Deleted connection being retried again and again for something

  • Is this your first time deploying Airbyte?: No
  • OS Version / Instance: GKE Container Optimized Linux
  • Memory / Disk: you can use something like 4Gb / 1 Tb
  • Deployment: Kubernetes on GKE
  • Airbyte Version: 0.39.42
  • Source name/version: Intercom
  • Destination name/version: PubSub
  • Step: Deleted connection still being tried by temporal
  • Description:
    We have a deleted connection in airbyte, that somehow still being tried (and failed) again and again. Is there a way to somehow cleanup temporal/schedule state/tasks given a connection id? Not sure which tables to look for and what to drop/delete. Happy to write custom snippet against temporal db and drop/disable it as well if you point me an example of interaction based on connection id in code. I am not sure how this got into that state and when.

I have checked the connection is deleted and not show up. Using it in URL explicity shows
image
The last sync was cancelled two weeks back when it was deleted

I checked airbyte tables connection and jobs and they reflect things properly. No updates for that connection id after the deletion date.
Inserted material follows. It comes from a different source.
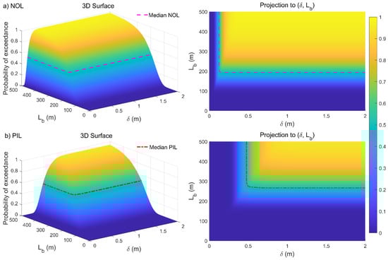 Fragility surface of buried pipeline (Hc = 1.5 m) for (a) Normal Operability Limit (NOL) and (b) Pressure Integrity Limit (PIL).

The connection manager workflow logs looks like this,

It is tried ~30 times a second, leading to both noisy/huge amount of logs and also increase in DB size for temporal gradually.

I tried using tctl but its giving me problems connecting to the DB (we use cloud_sql_proxy from Google in another container inside pod and just connect to localhost)

TEMPORAL_CLI_SHOW_STACKS=1 TEMPORAL_CLI_ADDRESS=<temporal_pod_ip>:7233 tctl admin wf delete --db_engine postgres --db_address localhost --db_port 5432 --username <user> --password <pwd> --workflow_id "<wf_id from temporal_logs for that connection>"

Any help/pointers in stopping this appreciated.

cc @lgomezm

This fiasco continued after I posted daily, then randomnly we started seeing more errors on temporal, things like context deadline exceeded

but things were working fine. Then today we started seeing this error
io.temporal.worker.NonDeterministicException: Failure handling event 60 of type 'EVENT_TYPE_MARKER_RECORDED' during replay

and then this Not enough hosts to serve the request

and then this consistent query buffer is full, cannot accept new consistent queries

Now no sync are running fine. We tried bringing down/up the stack few times, but no luck.

Any idea what is going on? Or pointers to what I can debug in temporal? Appreciate it.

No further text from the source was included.